Discussion and Conclusion

In the present study, we have used the surface-exposed biological tooth root as a template to illustrate the instructive capacity of microstructured apatite surface topography together with the regenerative potential of periodontal progenitor cells to ultimately benefit periodontal regeneration. Our findings indicate that surface topography and progenitor cell type go hand in hand to facilitate optimum periodontal attachment.
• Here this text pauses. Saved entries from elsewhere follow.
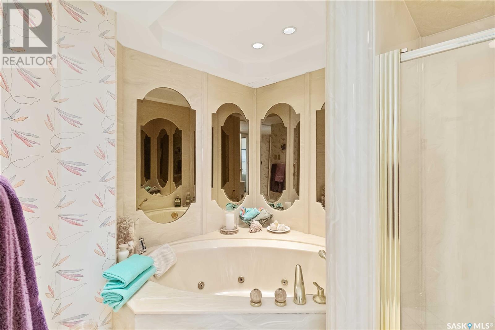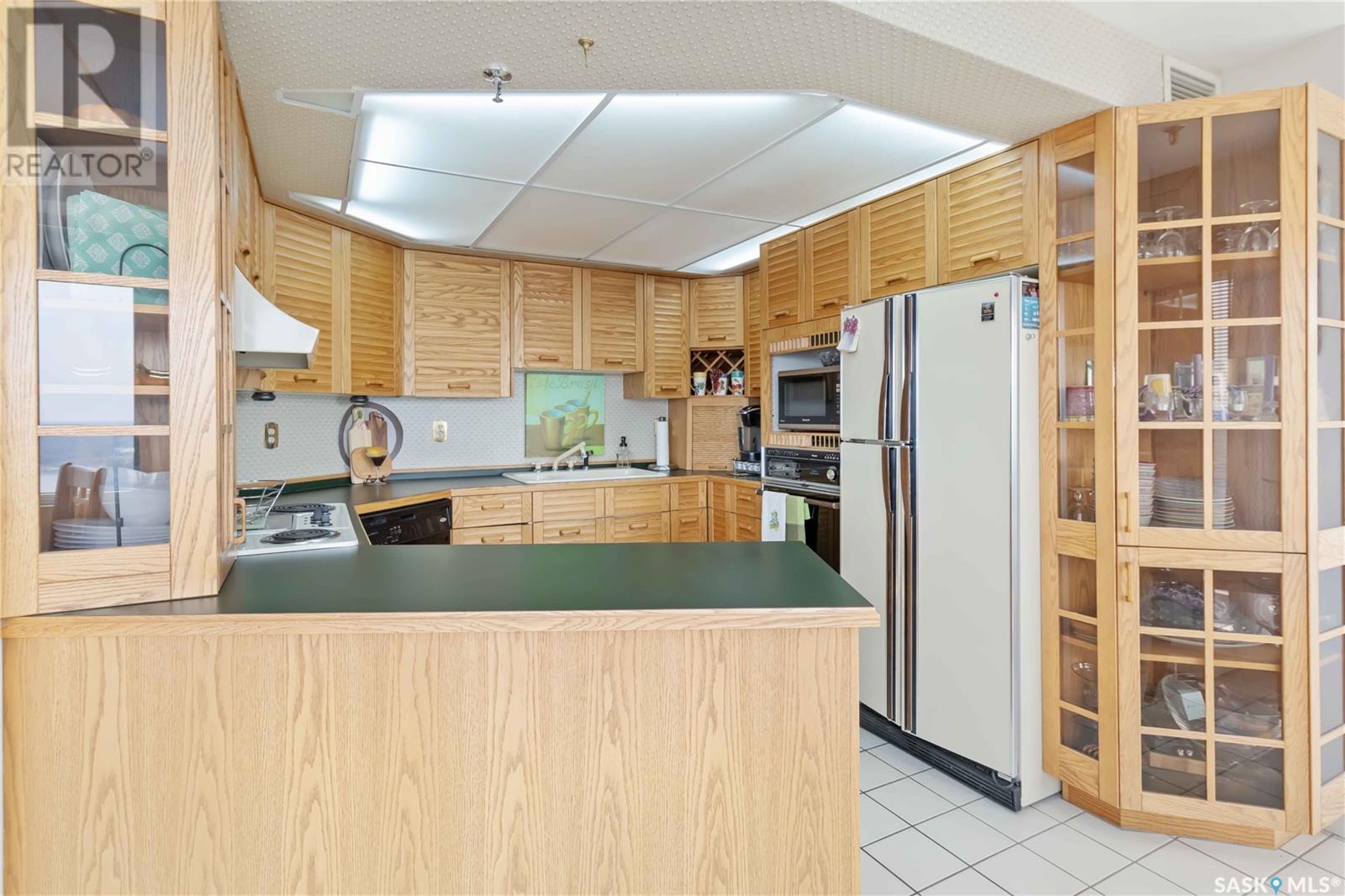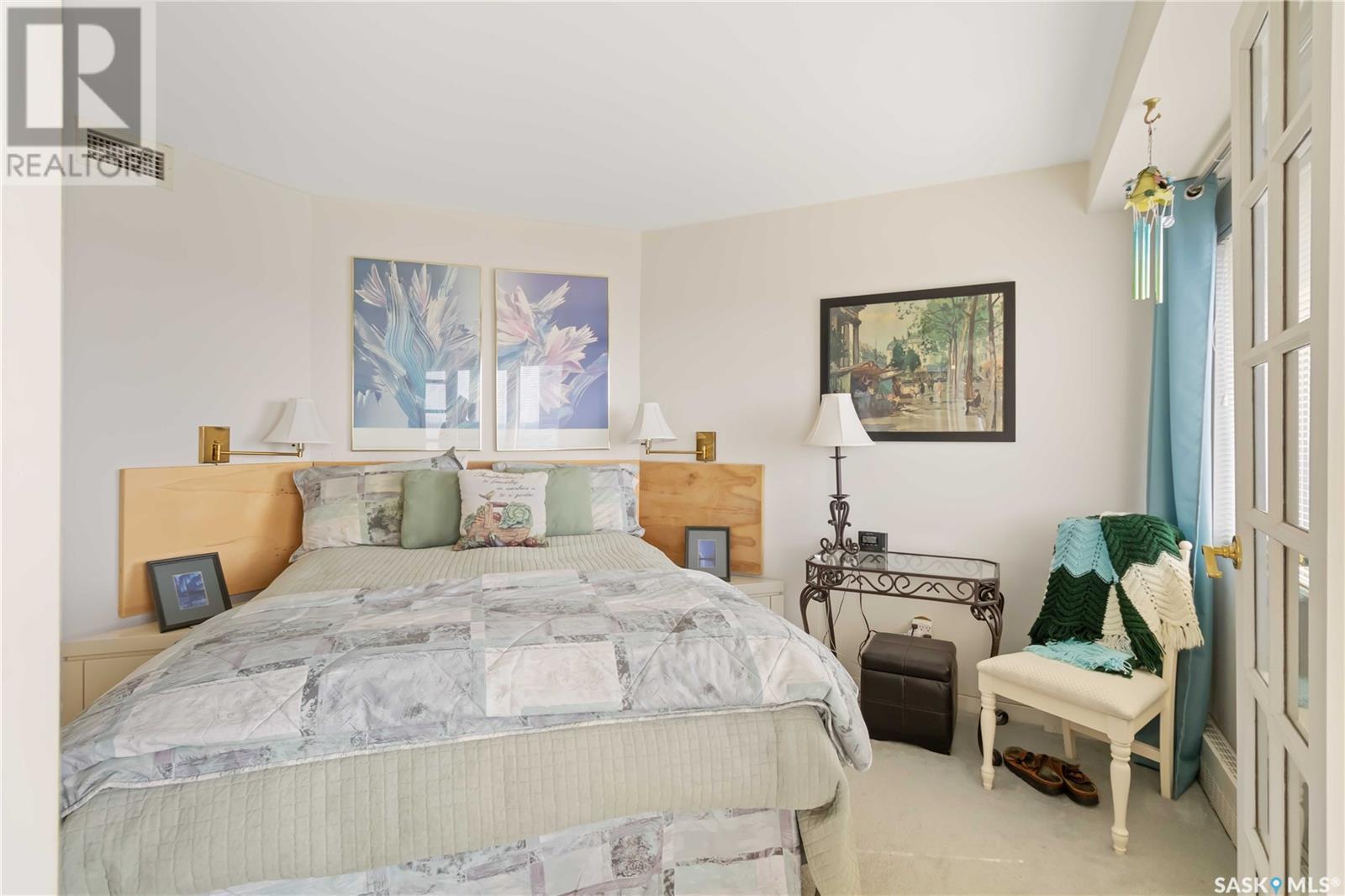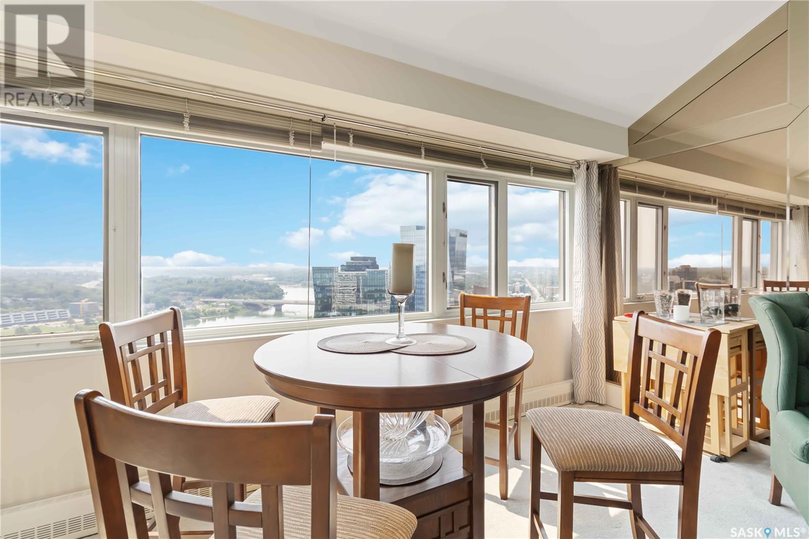 Penthouse suite! Absolutely one of a kind condo with some of the most amazing views in Saskatoon. This luxurious condo has gorgeous vaulted ceilings which offer the most spectacular framing of the incredible view. The master bedroom also has an unparalleled view and offers a large walk through closet and 5 piece bath complete with bidet and cultured marble jetted tub. The kitchen features built-in appliances and oak cabinetry, all of which display pride of ownership at its finest. This condominium provides the owner with access to the amenities at the hotel, including swimming pool, exercise area and discounts for owners in the restaurant. Also included is an underground parking stall and storage unit. Prepare yourself to experience this unique and rare opportunity! (id:43042)
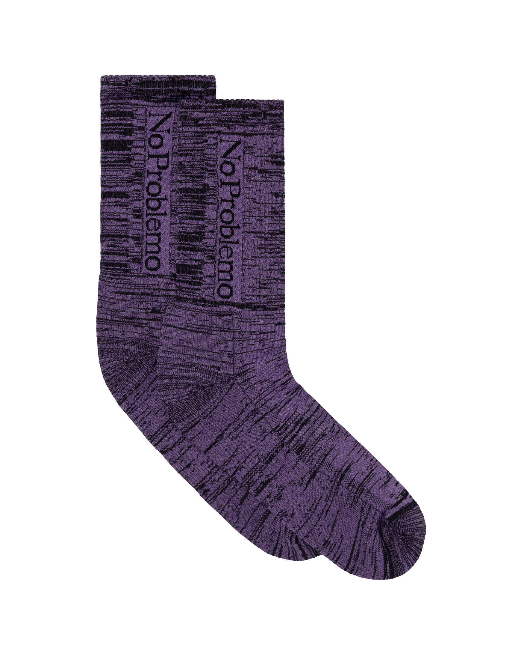 jacquard socks in a sports-blend mix yarn featuring no problemo graphic.
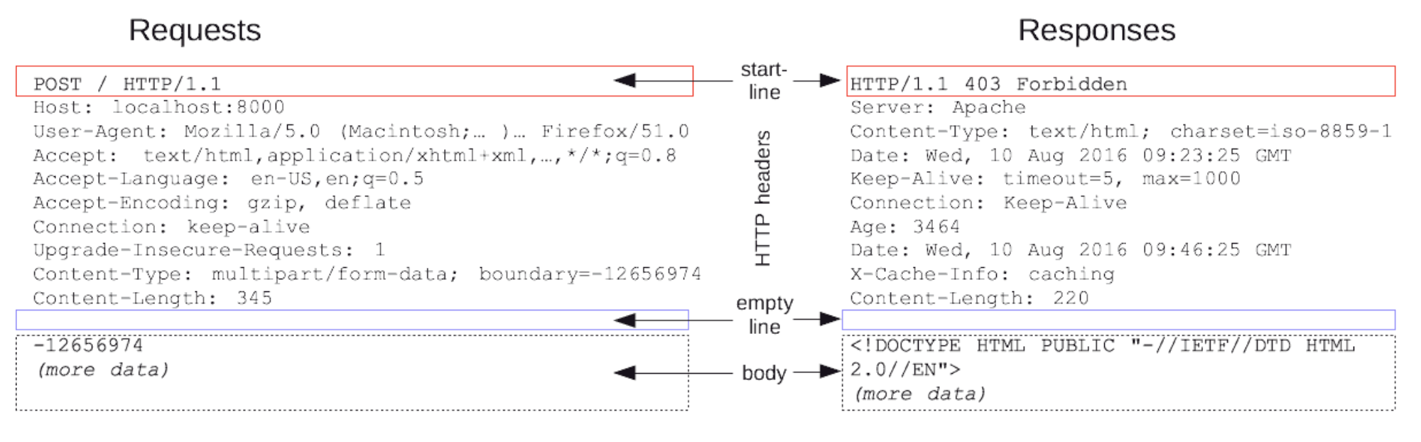 - 클라이언트에 의해 전송되는 메시지를 요청(requests)이라 하고, 요청에 대해 서버에서 응답으로 전송하는 메시지를 응답(responses)이라고 한다

Microstructures topographies were superior to smooth root surfaces when instructing fiber elongation and focal adhesion gene expression, whereas periodontal progenitors were the most ideally suited progenitor population to favor extension of fibrous ligament cells perpendicular to the root surface. Our data call for the development of optimized materials surface/progenitor combinations as a strategy for organ-specific tissue regeneration.

Our data indicated that periodontal root surface topographies triggered the initiation of classic ECM signaling cascades, starting with the formation of focal adhesions as a materials-induced molecular signaling hub involving integrins and cytosolic mediators and substrates, such as PAX and FAKs.^21,28–31 In our study, levels of phosphorylated PAX, and FAK were elevated as a result of exposure of cells to roughened surfaces. In addition, the prominent PDL cell integrins α5 and β1^23,25,26 were also increased in response to microstructured apatite topographies. According to classic integrin signaling pathway routes, focal adhesions activate small GTPases of the Rho family, which in turn directly affect cell shape via the polymerization of actin into F-actin and resulting in stress fibers.^9,32 Our study documented increased levels of Rho A and F-actin, which were both elevated on microstructured root surfaces and in 3D-cultures, pointing to the importance of a three-dimensional environment for proper activation of ECM signaling and regeneration. In addition, tooth root replantation resulted in increased levels of periodontal ECM molecules, including tropoelastin, tenascin, periostin, and fibronectin, suggesting that cells secrete new periodontal ECM in response to physiological forces in the periodontal apparatus (Fig. 5i).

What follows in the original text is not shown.